Like all people, I am connected to a sense of righteousness. However, like all people also, I am not the person who necessarily embodies it perfectly. I make all kinds of moral mistakes.

But having accessed righteousness in and of itself, we can envisage a being who most perfectly embodies that principle. That being, coincidentally, resembles in act and word, the being depicted in the Bible.

That doesn’t mean that the Bible is true (the New Testament I mean). What it does mean is that the principles of righteousness is so compelling that a myth so powerful was created around the being who exemplified it.

Since at least the Bible is either true or the myth is either divinely inspired by that righteous being, it follows that a belief in Jesus is quite natural for any one with any sense of compassion.

Again, morality is subjective, unless proven otherwise.

So he can only be fully rightous in his own mind and not to everyone else.

And i don’t think dying on a cross for everyones sins and thus everyone else from the on, be born in a debt to some cosmic mage is very compassionate.

Personally i’d say thats a dick move.

Thats your opinion. Couldn’t I just as easily say “morality is objective unless proven otherwise.”

We’re all more or less the same. We all have five senses. We all require the same things to survive. Our desires are different. Our paths in life are different.

But, this term “morality” has to be defined. Some of us have a conscience and some of us don’t. The very meaning of having a conscience is that when we hurt people in one way or another we’re filled with shame or anxiety.

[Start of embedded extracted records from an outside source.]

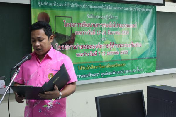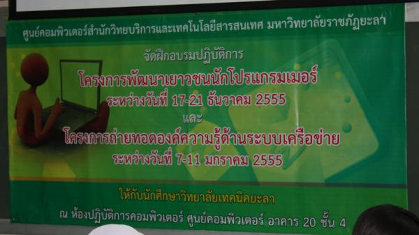 เมื่อวันที่ 7 มกราคม 2556 ศูนย์คอมพิวเตอร์ สำนักวิทยบริการและเทคโนโลยีสารสนเทศ ได้ดำเนินการจัดโครงการฝึกอบรมปฏิบัติการ เรื่อง การถ่ายทอดความรู้ด้านระบบเครือข่าย หลักสูตร “ Ubuntu and pfSense Server Administrator ” ได้จัดขึ้นตามข้อตกลงความร่วมมือการดำเนินกิจกรรมเครือข่ายชุมชนทางการศึกษา วิจัย บริการวิชาการและการจัดการทรัพยากรสารสนเทศ ระหว่าง ศูนย์คอมพิวเตอร์ สำนักวิทยบริการและเทคโนโลยีสารสนเทศ กับ วิทยาลัยเทคนิคยะลา ระหว่างวันที่ 7-11 มกราคม 2556 มีผู้เข้าร่วมฝึกอบรมประกอบด้วย อาจารย์ นักศึกษาระดับ ปวช. ปวส. จากวิทยาลัยเทคนิคยะลา รวมทั้งสิ้น 30 คน โดยมีผู้อำนวยการศูนย์คอมพิวเตอร์ อาจารย์ปรีชา พังสุบรรณ เป็นประธานในพิธีเปิดและ รองผู้อำนวยการวิทยาลัยเทคนิคยะลา นายณรงค์ ปานเพ็ชร กล่าวโอวาทแก่นักศึกษา ณ ห้องปฏิบัติการคอมพิวเตอร์ ศูนย์คอมพิวเตอร์ อาคาร 20 ชั้น 4
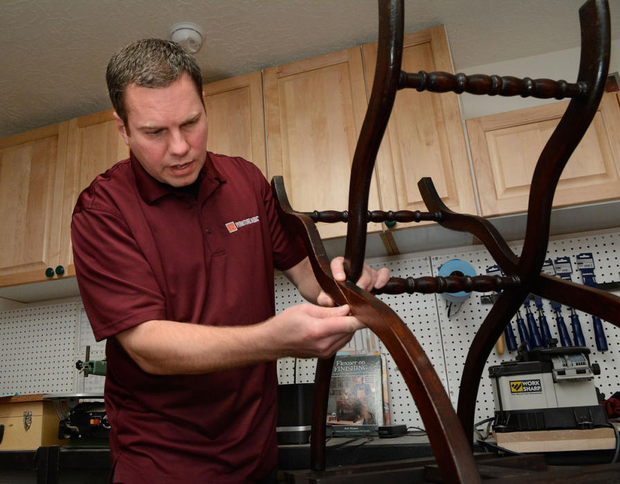 - jt120315j/a sec/jim thompson/Mark Ryan with Furniture Medic is a furniture restorer looks over a table leg that he needs to repair. Thursday, Dec. 03, 2015.(Jim Thompson/Albuquerque Journal.)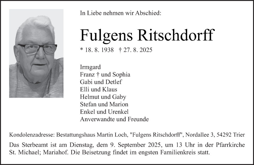 Hier finden Sie alle Traueranzeigen aus der Zeitung, die bisher für Fulgens Ritschdorff erschienen sind. Weitere Traueranzeigen, die in der Zeitung erscheinen, werden hier ebenfalls aufgelistet
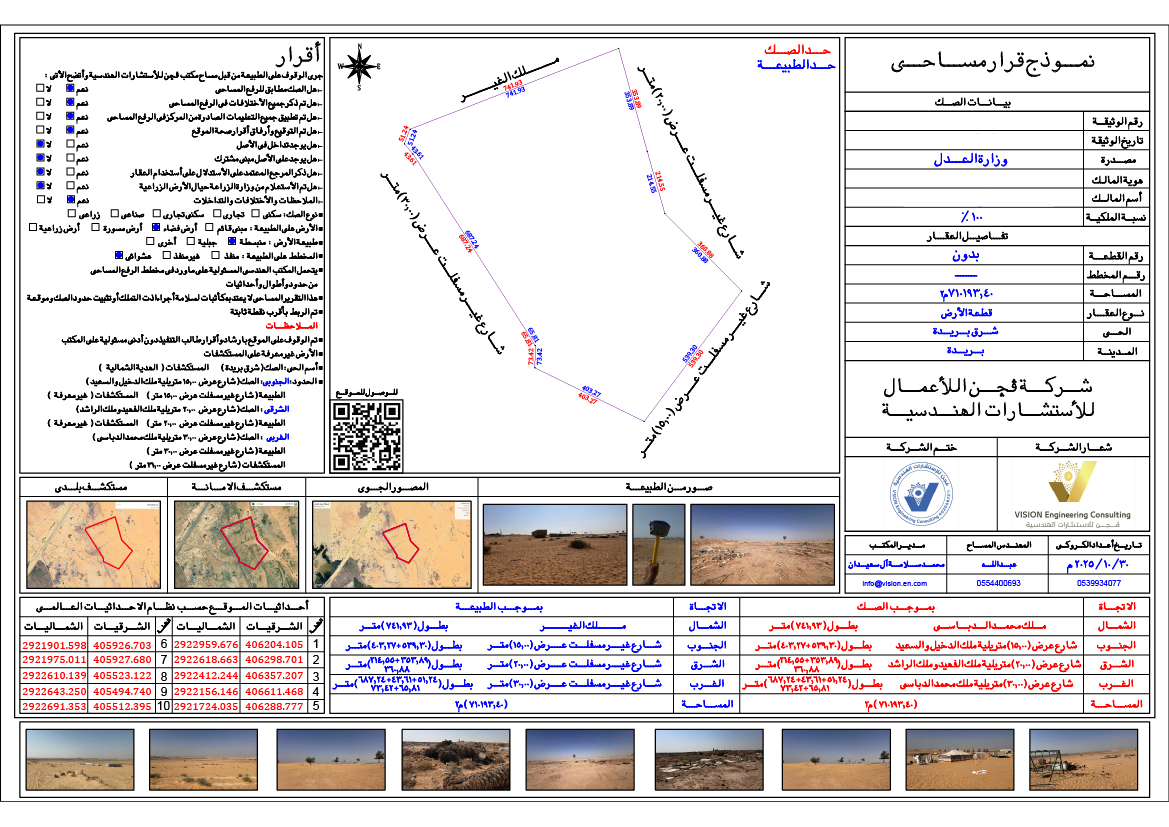 الطول: 403.27+539.30 الحد: شارع عرض 15م يليه ملك الغير

And those of us with a conscience obtain a clean conscience by trusting in ourselves and acting out of righteousness. We all obtain a clean conscience in the same way. So the variables which condition the weight on our conscience are the same. We’re all weighed down by grief for the same reasons.

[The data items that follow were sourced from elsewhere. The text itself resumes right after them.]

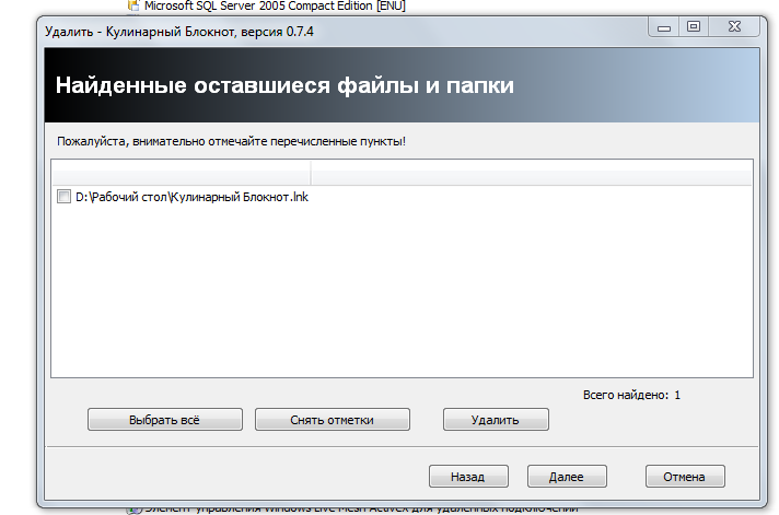 Я вот удаляла одну программу, она мне выдала только список файлов
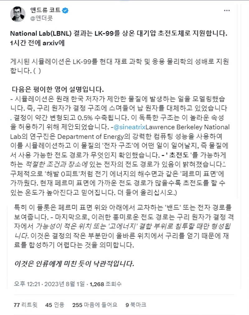 형 우리나라에서 논문낸 상온초전도체 LK99 이론 외국에서 거의 입증된거 봤어?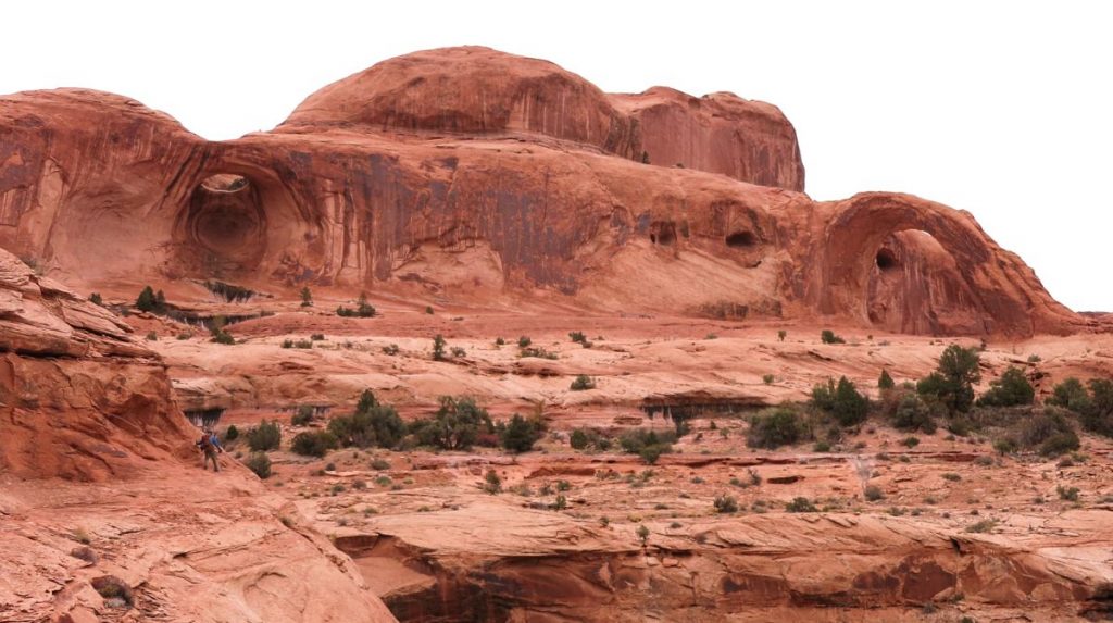 The Corona Arch can be reached via a fun and relatively flat hike over some really nice Moab landscape, and the Corona Arch area is even more interesting because Bowtie Arch is just next door to it and there are other several large cave formations.

There is only a finite number of human behaviours. And all of them have consequences. Those of us with a conscience either suffer or benefit from these behaviours (depending on which are right and which are wicked).

The people without “morals” - without a conscience aren’t affectted by the consequences of their actiojs.

So when someone says “morality is subjective” and points to the morality of the Nazis as a clear example of how our survival in society depends on a fluctuating scale of what is right and wrong, they are failing to keep in mind that some people don’t have morals and don’t have a conscience.

No. The perfection of righteousness is intuitive to everyone. We all know what a perfect person is. We just fail to meet that standard because we’re imperfect. And it’s exactly because we fail to live up to the standard of full righteousness that we are capable of evil.

I don’t think he needed to die on a cross at all. It wasn’t necessary nor does it preclude him from being the embodiment of compassion. Plus, you say that as if he chose to get crucified.

No, because everything is subjective until proven.

Disagree, we all have a conscience, though each persons is different, as is there ability or inabilty to ‘listen’ to it.

Again, you’re implying some people have no morals, yet they would argue differently.
They would argue that they have a set of korals, they just happen to be different to yours.

Hence, subjective.

Ok, well then was it morally right of Britain to blanket bomb Dresden? Or for the US to drop two nukes?

Thats incorrect, because i sure as heck don’t have any idea of what is perfect.

That implies that something is without fault, i personally don’t believe anything is.

My two year old son is absolutely wonderful and makes my world as happy as it can be.

Give him a marker and he’ll still draw on the walls, or both.

If you spoke as he did in those times, you know the consequences.

Unless he was a total fucking idiot.